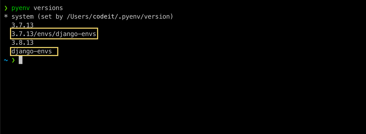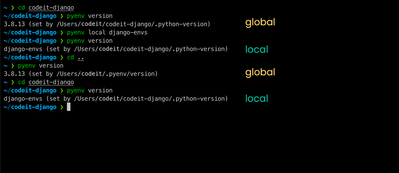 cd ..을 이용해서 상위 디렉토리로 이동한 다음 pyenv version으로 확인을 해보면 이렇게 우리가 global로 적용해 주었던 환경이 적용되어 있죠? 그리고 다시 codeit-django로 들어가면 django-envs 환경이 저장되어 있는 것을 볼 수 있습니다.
________________________________________
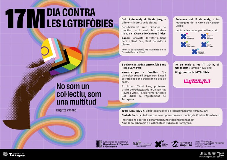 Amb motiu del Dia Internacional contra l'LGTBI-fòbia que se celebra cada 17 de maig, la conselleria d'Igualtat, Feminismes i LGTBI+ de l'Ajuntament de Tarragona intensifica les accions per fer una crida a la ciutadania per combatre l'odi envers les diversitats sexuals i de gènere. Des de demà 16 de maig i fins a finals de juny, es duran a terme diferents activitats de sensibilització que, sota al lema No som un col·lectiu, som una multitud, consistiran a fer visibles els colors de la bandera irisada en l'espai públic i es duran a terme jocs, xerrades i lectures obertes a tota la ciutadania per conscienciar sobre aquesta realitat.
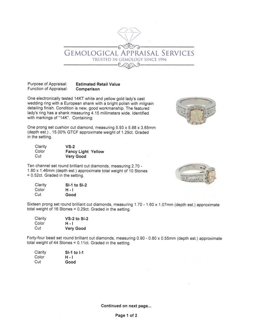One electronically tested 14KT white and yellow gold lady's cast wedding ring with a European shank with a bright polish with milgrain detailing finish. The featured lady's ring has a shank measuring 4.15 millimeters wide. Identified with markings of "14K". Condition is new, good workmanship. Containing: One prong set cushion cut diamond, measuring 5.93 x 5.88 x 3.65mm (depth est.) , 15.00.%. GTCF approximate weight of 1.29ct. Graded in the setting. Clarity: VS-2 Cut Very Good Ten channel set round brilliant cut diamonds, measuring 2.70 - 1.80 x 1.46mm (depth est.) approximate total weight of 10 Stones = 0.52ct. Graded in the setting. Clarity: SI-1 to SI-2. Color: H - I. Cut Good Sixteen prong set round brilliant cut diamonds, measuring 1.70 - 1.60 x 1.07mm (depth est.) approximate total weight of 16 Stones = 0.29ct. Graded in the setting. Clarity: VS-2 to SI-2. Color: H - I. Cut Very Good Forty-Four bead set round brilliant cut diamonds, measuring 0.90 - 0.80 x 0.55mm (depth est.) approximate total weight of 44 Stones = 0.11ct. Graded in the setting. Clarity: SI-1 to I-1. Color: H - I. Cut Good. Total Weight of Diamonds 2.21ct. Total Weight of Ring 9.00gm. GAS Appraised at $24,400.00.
________________________________________
EXERCISE OBJECTIVE: Only one stretch of the listing above is to be duplicated: the lines from the one containing "Amb motiu del" through the one containing "One electronically tested", both included. Copy them exactly, minus the pictures.

FINISHED EXERCISE:
 Amb motiu del Dia Internacional contra l'LGTBI-fòbia que se celebra cada 17 de maig, la conselleria d'Igualtat, Feminismes i LGTBI+ de l'Ajuntament de Tarragona intensifica les accions per fer una crida a la ciutadania per combatre l'odi envers les diversitats sexuals i de gènere. Des de demà 16 de maig i fins a finals de juny, es duran a terme diferents activitats de sensibilització que, sota al lema No som un col·lectiu, som una multitud, consistiran a fer visibles els colors de la bandera irisada en l'espai públic i es duran a terme jocs, xerrades i lectures obertes a tota la ciutadania per conscienciar sobre aquesta realitat.
One electronically tested 14KT white and yellow gold lady's cast wedding ring with a European shank with a bright polish with milgrain detailing finish. The featured lady's ring has a shank measuring 4.15 millimeters wide. Identified with markings of "14K". Condition is new, good workmanship. Containing: One prong set cushion cut diamond, measuring 5.93 x 5.88 x 3.65mm (depth est.) , 15.00.%. GTCF approximate weight of 1.29ct. Graded in the setting. Clarity: VS-2 Cut Very Good Ten channel set round brilliant cut diamonds, measuring 2.70 - 1.80 x 1.46mm (depth est.) approximate total weight of 10 Stones = 0.52ct. Graded in the setting. Clarity: SI-1 to SI-2. Color: H - I. Cut Good Sixteen prong set round brilliant cut diamonds, measuring 1.70 - 1.60 x 1.07mm (depth est.) approximate total weight of 16 Stones = 0.29ct. Graded in the setting. Clarity: VS-2 to SI-2. Color: H - I. Cut Very Good Forty-Four bead set round brilliant cut diamonds, measuring 0.90 - 0.80 x 0.55mm (depth est.) approximate total weight of 44 Stones = 0.11ct. Graded in the setting. Clarity: SI-1 to I-1. Color: H - I. Cut Good. Total Weight of Diamonds 2.21ct. Total Weight of Ring 9.00gm. GAS Appraised at $24,400.00.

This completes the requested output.